Não demorou e o papo evoluiu para a piada clássica que viralizou na internet : coisas que queríamos que um aplicativo localizasse pra gente. Money GO, mostrando o caminho “de la plata”. Vinho barato GO, porque já viu que absurdo está o preço? Treta GO, para não perder uma chancezinha de problematizar o status quo. Semiconhecidos GO, dando a localização de forçadores de amizade, para que possamos evitá-los. Férias GO; Feriado GO; e, de outro lado, Trabalho GO. Demos nossas risadinhas, desenrolamos mais umas bobeiras, e encerrou-se o Pokémongate.

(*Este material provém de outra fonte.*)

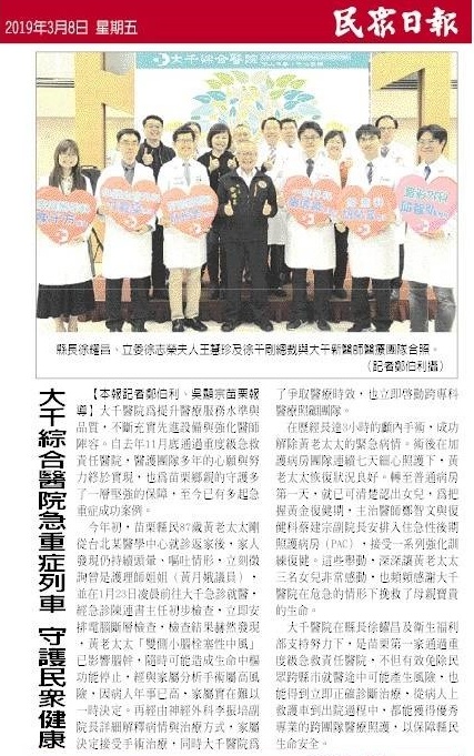 108.03.08民眾日報:大千綜合醫院急重症列車守護民眾健康
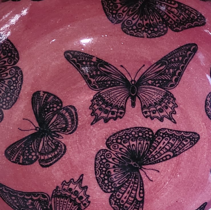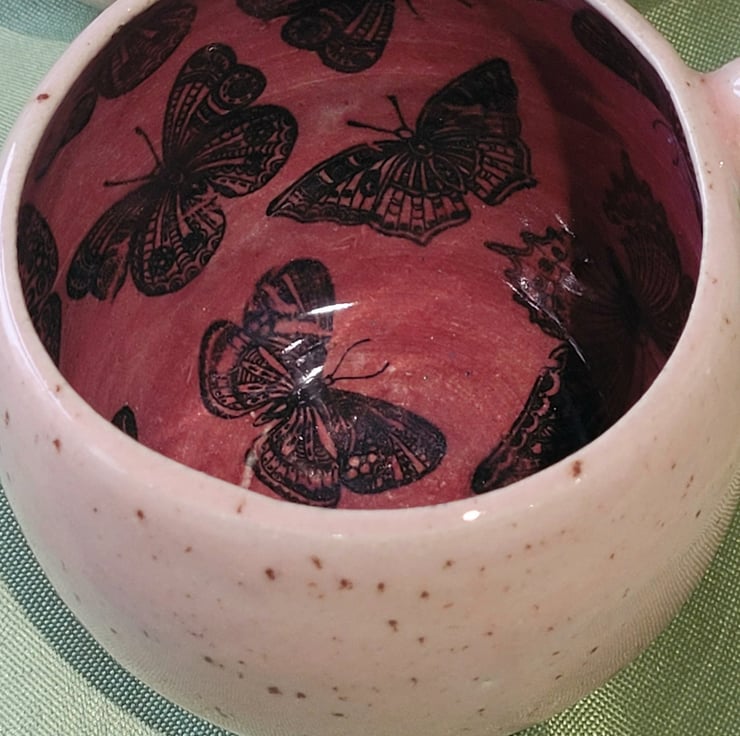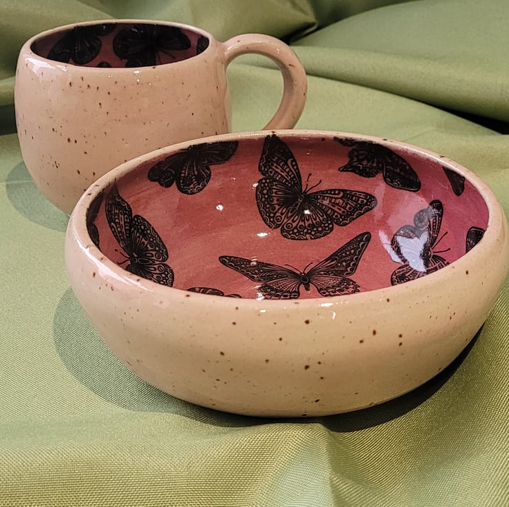 This breakfast set consists of a wheel thrown bowl and mug. Each piece has a speckled pink glaze covering it's outer surfaces and a pink glaze background with butterfly detailing on its inner surface. The bowl has a diameter of 15cm and a height of 5.5cm. The mug has a diameter of 9cm, a height of 7.5cm and a capacity of 250ml.
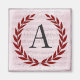 Une délicate couronne de laurier est posée sur une douce feuille vintage rose arrière - plan dans le style romantique classique. Ce design est personnalisé avec le monogramme "A" dans un ton gris fusain.
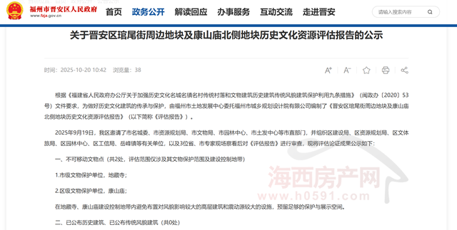 海西房产网(微信公众号:fjhxfcw)消息:10月20日,福州市晋安区人民政府办公室发布“关于晋安区琯尾街周边地块及康山庙北侧地块历史文化资源评估报告的公示”。
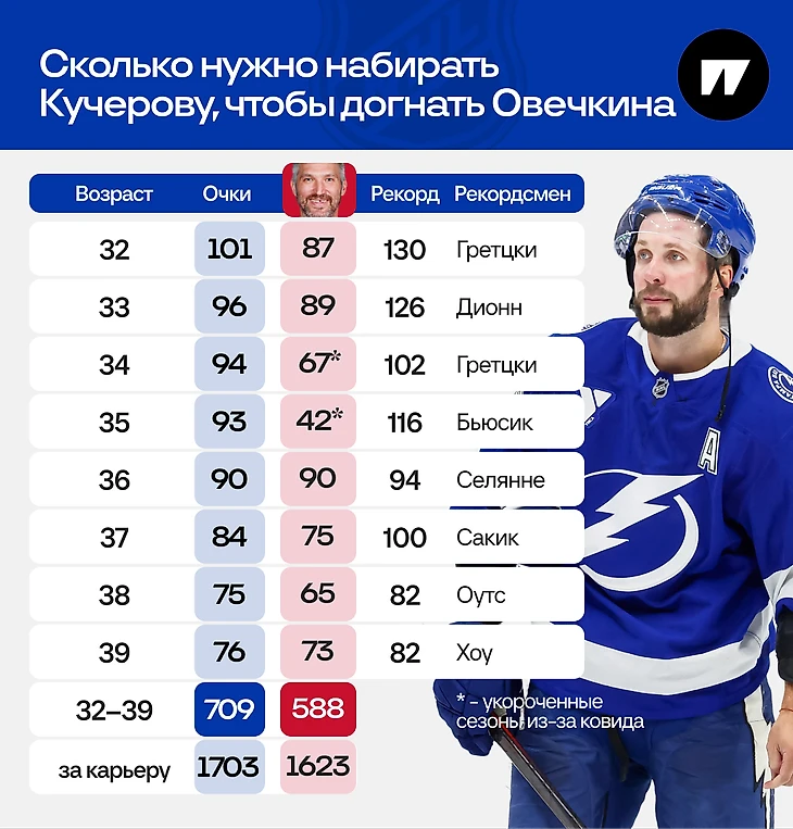 В-третьих, Кучеров добрался до тысячи быстрее Овечкина по затраченным играм, но не по возрасту. Александру было 31 год и без малого 4 месяца, Никите – на год больше. И это, по идее, означает, что Кучерову придется играть дольше или плюс-минус столько же. А ведь Овечкину уже 40, и он продолжает! И не забываем про отставание в 41 очко на отметке 32 года.
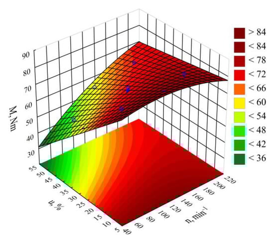 The empirical model for the screw drive torque M determined as a function of variables n, u is shown through a polynomial (Equation (3)):
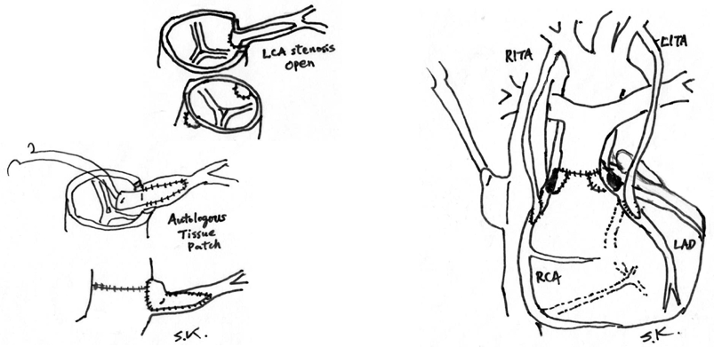 | Patch or Graft | Autologous tissue patch (vein or pulmonary artery) ITA preserved for possible later use | Use of ITA graft Many other arterial grafts can be used at grown-up age |
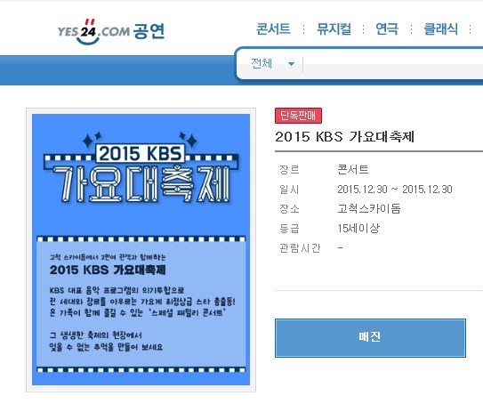 ‘2015 KBS 가요대축제’ 측은 “YES24를 통해 8일부터 진행한 티켓 예매가 오픈 한 지 35분 만에 매진됐다”고 밝혔다.
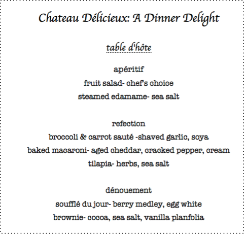 And none of the guests brought vegetable suggestions; only desserts. The good news is that we were able to settle on a few good choices to accompany the sugar and carbs. Within ten minutes of everyone arriving, we had agreed on a menu. Then I sent the chefs downstairs to watch a movie so I could draft a grocery list.
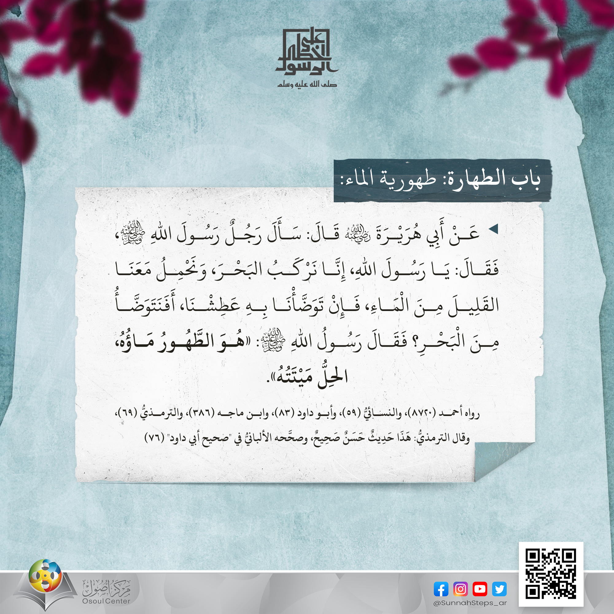 عن أبي هُرَيْرَةَ رضي الله عنه، قال:سَأَلَ رَجُلٌ رَسُولَ اللهِ ، فَقَالَ: يَا رَسُولَ اللهِ، إِنَّا نَرْكَبُ البَحْرَ، وَنَحْمِلُ مَعَنَا القَلِيلَ مِنَ الْمَاءِ، فَإِنْ تَوَضَّأْنَا بِهِ عَطِشْنَا، أَفَنَتَوَضَّأُ مِنَ الْبَحْرِ؟ فَقَالَ رَسُولُ اللهِ : «هُوَ الطَّهُورُ مَاؤُهُ، الحِلُّ مَيْتَتُهُ»
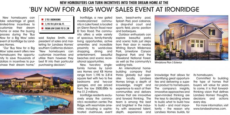 “Our ‘Buy Now for a Big Wow’ sales event offers new homebuyers the opportunity to save thousands of dollars in incentives to purchase their dream home,”
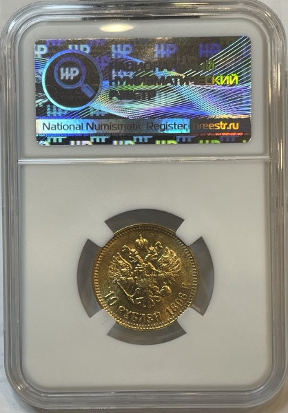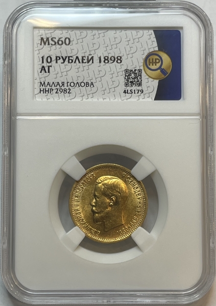 Золотая монета 10 рублей Николай II 1898г., АГ, Малая голова, в слабе ННР MS 60
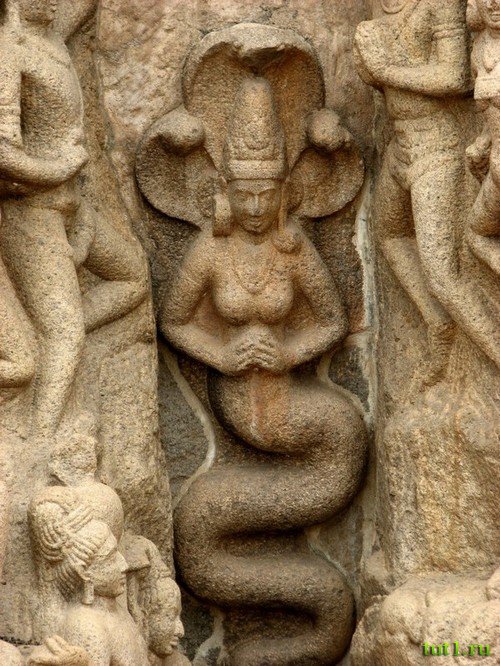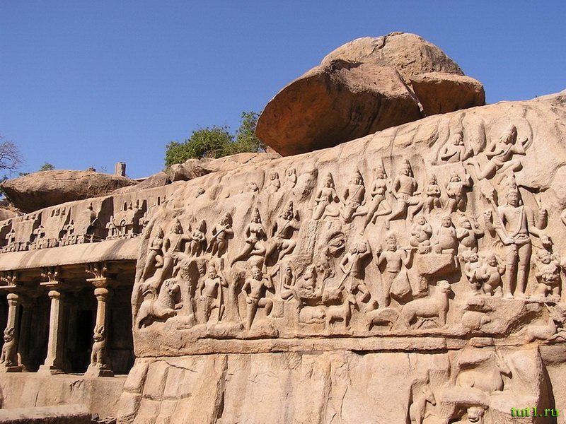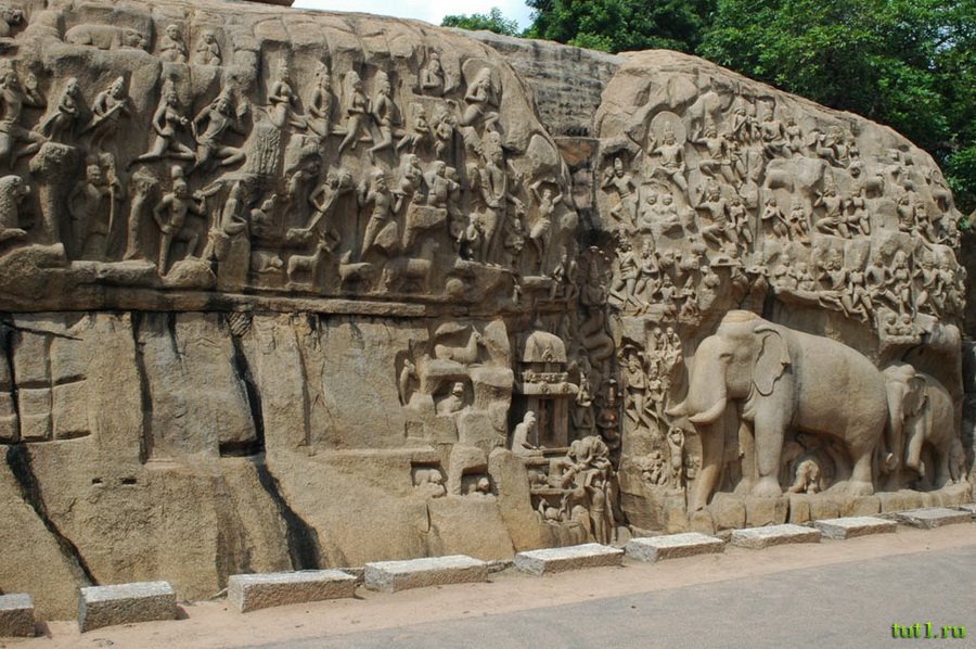"Нисхождение Ганги" считается самым большим в мире барельефом. На этой огромной глыбе, высечены из скалы (размером 27x9 метров) изображения животных, сверхъестественных сил и людей, глядящих на реку. Археологи полагают, что барельеф изображает мудреца Пхагерата, который молился Шиве, чтобы тот пустил воды Ганга по высушенной солнцем земле. Животные, глядящие с этого чуда, нарисованы очень точно.

Passou um dia e o app  já podia ser baixado, na maracutaia, aqui no Brasil. No Twitter, uma ansiosa Mari reclamava de estar, nas próprias palavras, “forever alone” no mapa de usuários. Dei um sorrisinho e pensei que precisávamos hoje é de um Empatia GO. No massacre do “farinha pouca, meu pirão primeiro”, ninguém se importa com a dor logo ao lado. “Dane-se quem vive opressões, tristezas e angústias que não me atingem”, eis o mantra da ordem. “Mais amor, por favor”, desde que seja só em imagem cafona do Instagram, nunca um meio de se doar ao outro, ou, ao menos, sensibilizar-se. No mapa virtual do Empatia GO fictício, tenho a impressão de que estamos, cada vez mais, como a Mari na busca de Pokémons: absolutamente solitários e correndo atrás de algo que não existe.